Это строки из незаконченного стихотворения «Чиновник и поэт».
«Толпу, лохмотья» Пушкин мог наблюдать и на ведущей к базару узкой, грязной торговой улице, с двух сторон обстроенной лавочками, в которых продавали и «красный товар» — ткани, и варёную и жареную баранину, и другую снедь, наполнявшую воздух густым, острым запахом. Здесь, как и на многих кишинёвских улицах, в питейных домах бойко торговали хлебным и виноградным молдавским вином. На откидных стойках заманчиво поблескивали на солнце всевозможной величины, формы и цвета полные бутылочки. Тут же на террасах с навесом, развлекая публику, играли и пели цыгане, заглушая шум и говор толпы.
Пушкин всюду, где мог, вникал в «дух народный», стараясь понять, чем живёт, о чём думает, чего хочет народ.
Случалось, гуляя, заходил он в самое отдалённое предместье Кишинёва, населённое болгарами, — Булгарию. Там, у Бендерской заставы, часто устраивались состязания в борьбе. Заслышав звуки волынки (боролись под музыку), Пушкин спешил к толпе, что окружала борцов. Два дюжих болгарина с чёрными усами, обнажённые по пояс, крепко обхватив друг друга руками, под одобрительный гул толпы старались со всевозможными уловками одолеть один другого.

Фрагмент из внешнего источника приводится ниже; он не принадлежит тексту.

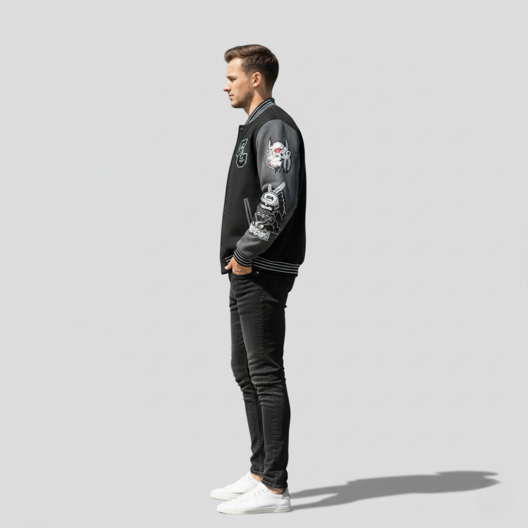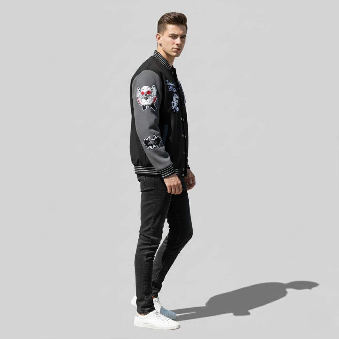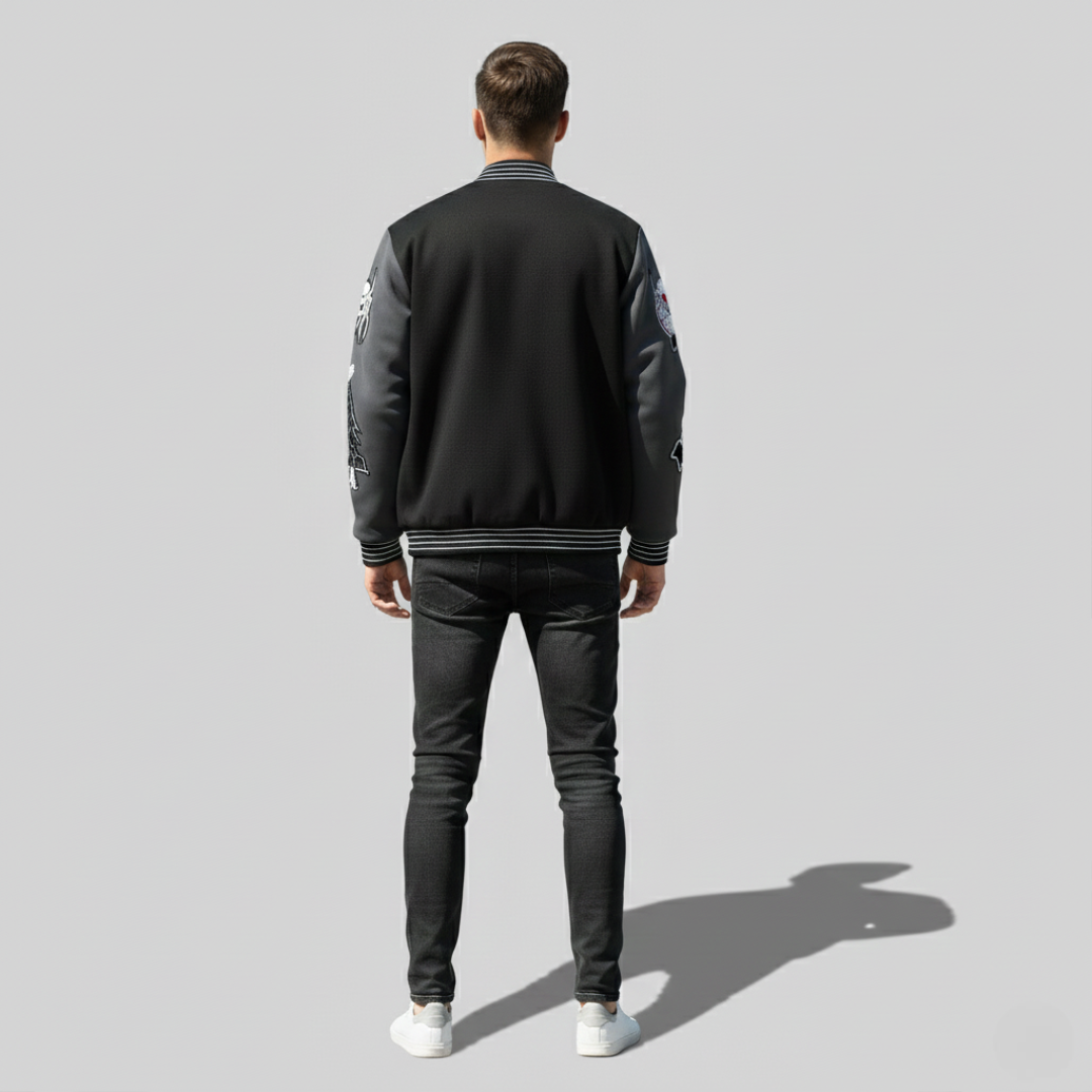 This leather varsity jacket blends classic American varsity design with a modern streetwear edge. Featuring premium black leather sleeves and a durable black fabric body, the jacket delivers a bold yet refined look. The front showcases striking “PIRATES” embroidered lettering, while the sleeves are detailed with unique patches for an authentic varsity aesthetic.

Простой народ приветствовал победителя криками. Господа бросали ему деньги. «Пушкин был также в числе зрителей, — записал в дневнике Долгоруков. — Ему драка очень понравилась, и он сказал мне, что намерен учиться этому искусству».
В праздничные дни Пушкин ходил смотреть, как, собравшись в круг, пляшут молдаванские парни и девушки. То под унылые, то под бодрые звуки кобз, волынок, скрипок, наев они мерно двигались в бесконечной хоре и медлительной мититике, от души отплясывали быструю булгэряску, огненную сырбу и, конечно, весёлый джок.
В Кишинёве впервые в тетрадях Пушкина появились народные песни, которые он записывал где только мог.
Одну записал в Измаиле у Славича. Пушкин, рассказывал Липранди, сообщил ему, «что свояченица хозяина продиктовала ему какую-то славянскую песню; но беда в том, что в ней есть слова иллирийского наречия, которых он не понимает, а она, кроме своего родного и итальянского языка, других не знает, но что завтра кого-то найдут и растолкуют».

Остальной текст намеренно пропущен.